PROBLEM DETAILS:
Exact copy, no pictures: set down the lines from the one holding "② 矢印サイン点灯状態で、イ" through the final line of the records below.
::::::::
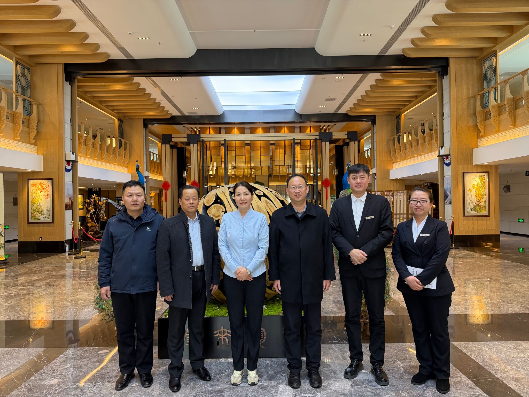 调研组首先来到珲春市民族国际花园酒店。作为珲春市高端酒店行业的标杆企业,该酒店是集住宿、餐饮、会议、休闲于一体的综合性五星级朝鲜族民俗文化花园酒店。在酒店副总经理刘秀华的陪同下,参观了酒店前厅、客房、餐饮部及行政办公区,实地了解了企业的运营管理模式及对服务类人才的专业技能要求。
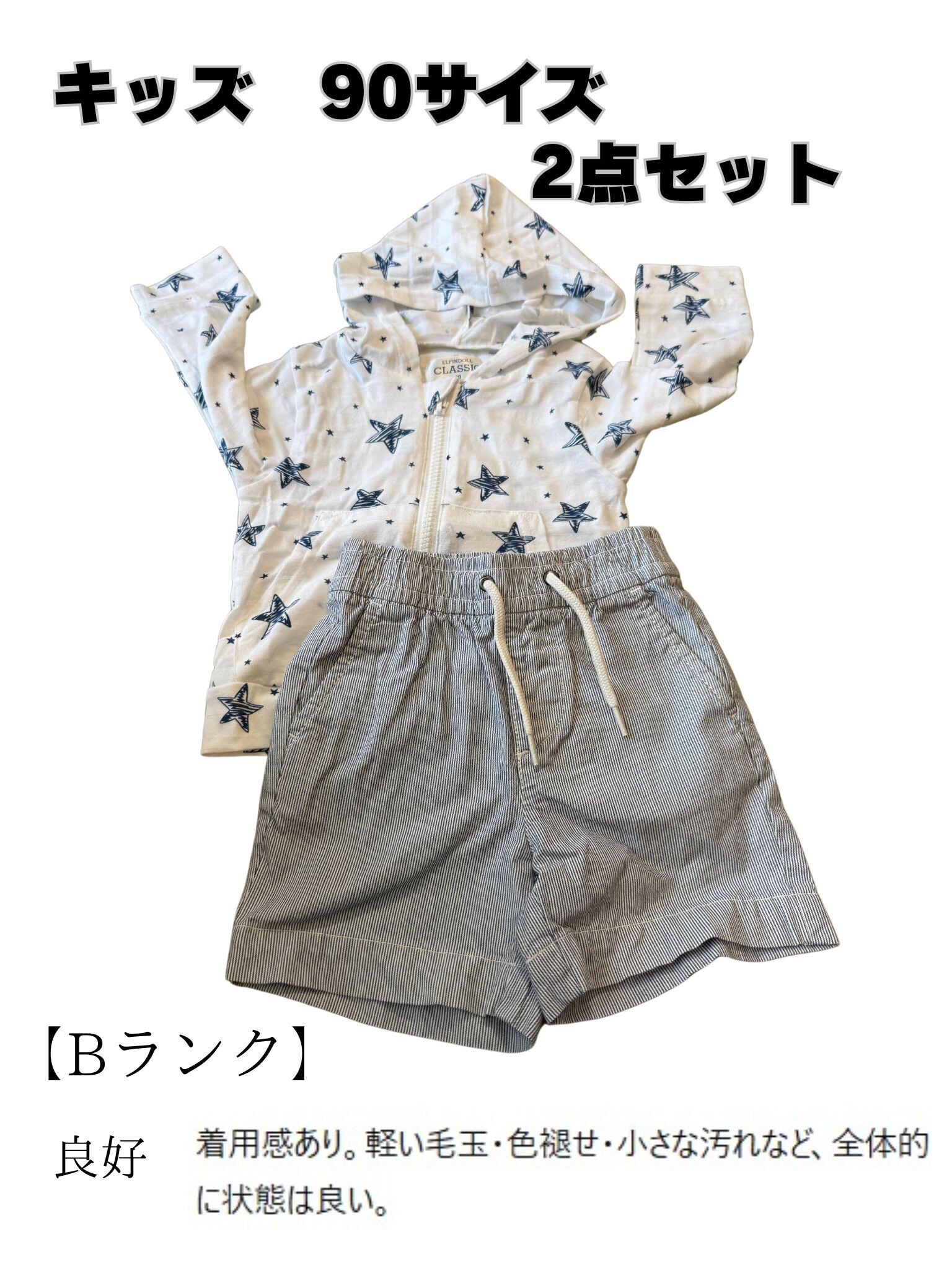 キッズ 90サイズ フード付きパーカー&短パンセット(古着ランクB)
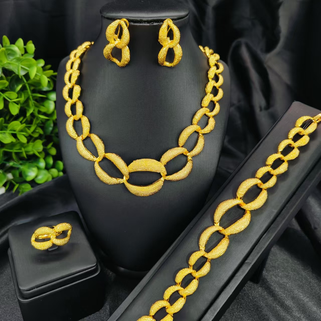 24k Gold Faux Gold Wedding Jewelry Set Dubai India Nigeria Bride Necklace Earrings Bracelet Ring
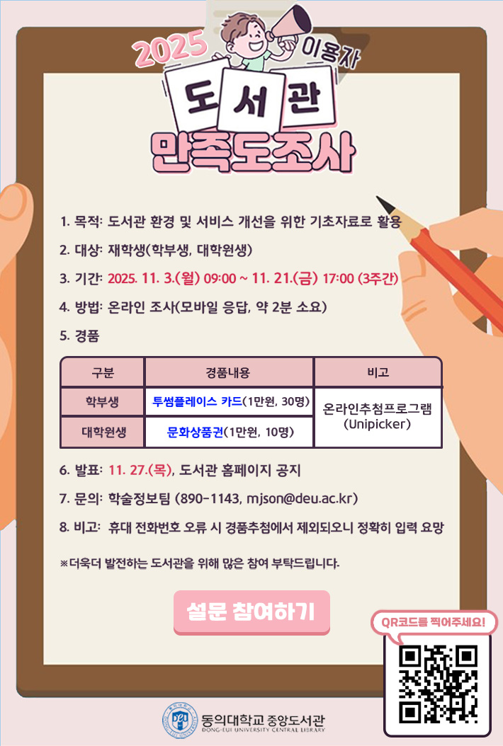 여 업무 개선에 적극 반영하고자 '2025년 도서관 이용자 만족도 조사'를 실시하오니
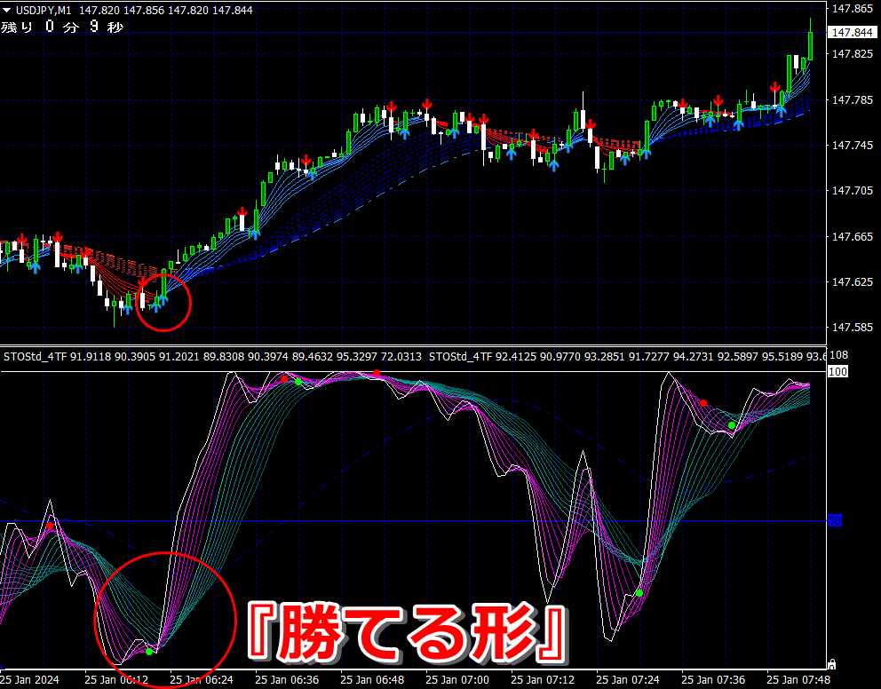 ② 矢印サイン点灯状態で、インジケーターのピンク色の帯が、緑の帯を下からすくい上げるような形状であれば、現在のローソク足が確定する数秒前か確定の直後に1分判定または3分判定でハイエントリーします。
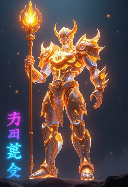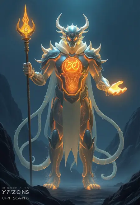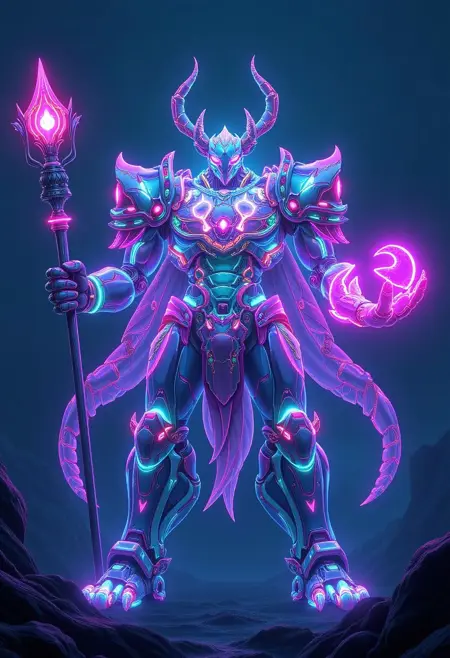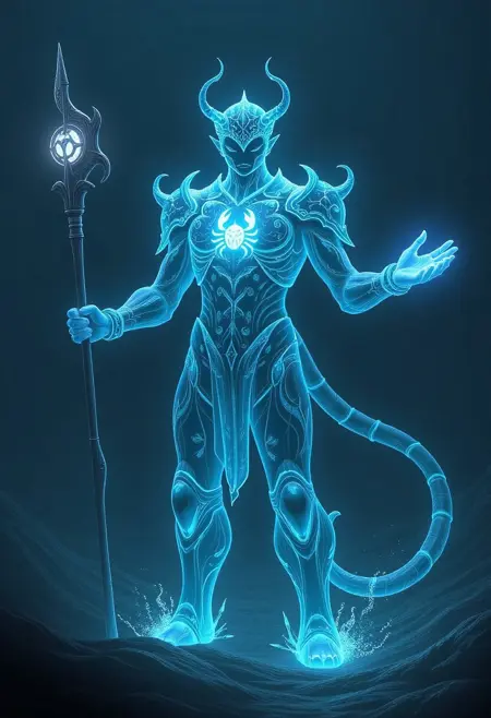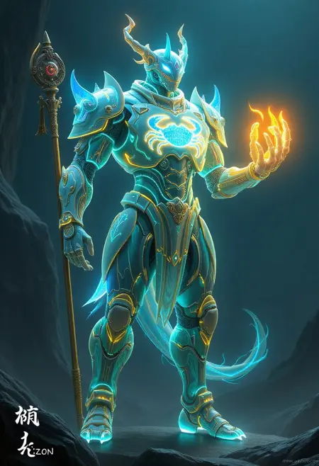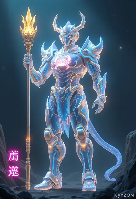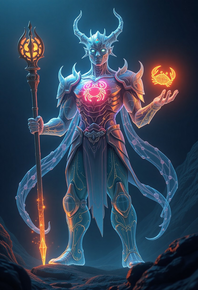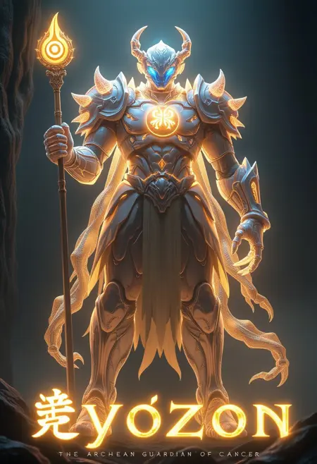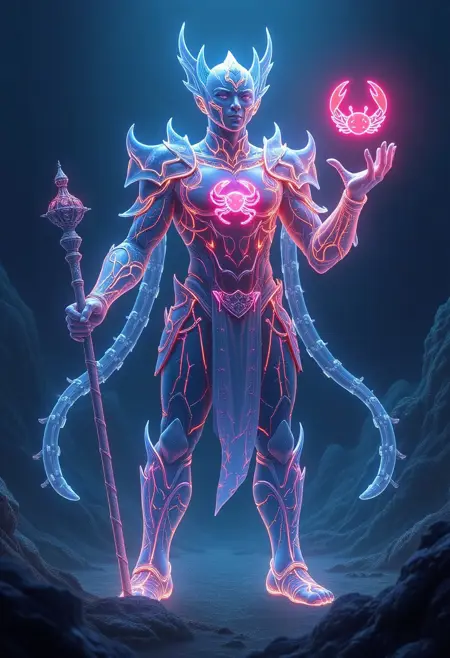 一位令人敬畏的生物发光半透明古菌/类人生物,挺拔而庄严地站立在黑暗神秘的环境中,该环境仿佛融合了古老与未来元素。其身体由令人着迷的活体生物组成,散发出柔和的光芒,展现出类似古菌微观之美般的精细图案与结构。其铠甲 reminiscent of 第四星座巨蟹座,透明而闪耀,胸甲上以霓虹灯勾勒出巨蟹座螃蟹的轮廓,为全身投射出超凡的光辉。铠甲设计是生物技术与有机生长的杰作,与古菌的体态完美融合。该生物一手持发光权杖,象征权力与权威;另一手张开,掌心向外,展示出脉动的霓虹巨蟹座符号。左下角以霓虹灯艺术化地刻有日文“kyōzon”,增添了一抹日本赛博朋克风格。古菌的双眼锐利而聪慧,暗示着其身旁漂浮的角色面板上列出的15种独特超能力。每种能力均以霓虹灯点缀的图标呈现,涵盖操控空间结构到控制元素力量等,这些能力均与其生物构成及星座主题紧密关联。标题为:“kyōzon,巨蟹座的古菌守护者:释放深渊之光”。此图像捕捉了一位异界守护者的精髓——由古老的星象知识与未来生物工程融合诞生,准备 harness 宇宙与深海的力量以造福众生。超现实主义,杰作,32k,
::::::::
OUTPUT OF THE EXERCISE:
 ② 矢印サイン点灯状態で、インジケーターのピンク色の帯が、緑の帯を下からすくい上げるような形状であれば、現在のローソク足が確定する数秒前か確定の直後に1分判定または3分判定でハイエントリーします。
 一位令人敬畏的生物发光半透明古菌/类人生物,挺拔而庄严地站立在黑暗神秘的环境中,该环境仿佛融合了古老与未来元素。其身体由令人着迷的活体生物组成,散发出柔和的光芒,展现出类似古菌微观之美般的精细图案与结构。其铠甲 reminiscent of 第四星座巨蟹座,透明而闪耀,胸甲上以霓虹灯勾勒出巨蟹座螃蟹的轮廓,为全身投射出超凡的光辉。铠甲设计是生物技术与有机生长的杰作,与古菌的体态完美融合。该生物一手持发光权杖,象征权力与权威;另一手张开,掌心向外,展示出脉动的霓虹巨蟹座符号。左下角以霓虹灯艺术化地刻有日文“kyōzon”,增添了一抹日本赛博朋克风格。古菌的双眼锐利而聪慧,暗示着其身旁漂浮的角色面板上列出的15种独特超能力。每种能力均以霓虹灯点缀的图标呈现,涵盖操控空间结构到控制元素力量等,这些能力均与其生物构成及星座主题紧密关联。标题为:“kyōzon,巨蟹座的古菌守护者:释放深渊之光”。此图像捕捉了一位异界守护者的精髓——由古老的星象知识与未来生物工程融合诞生,准备 harness 宇宙与深海的力量以造福众生。超现实主义,杰作,32k,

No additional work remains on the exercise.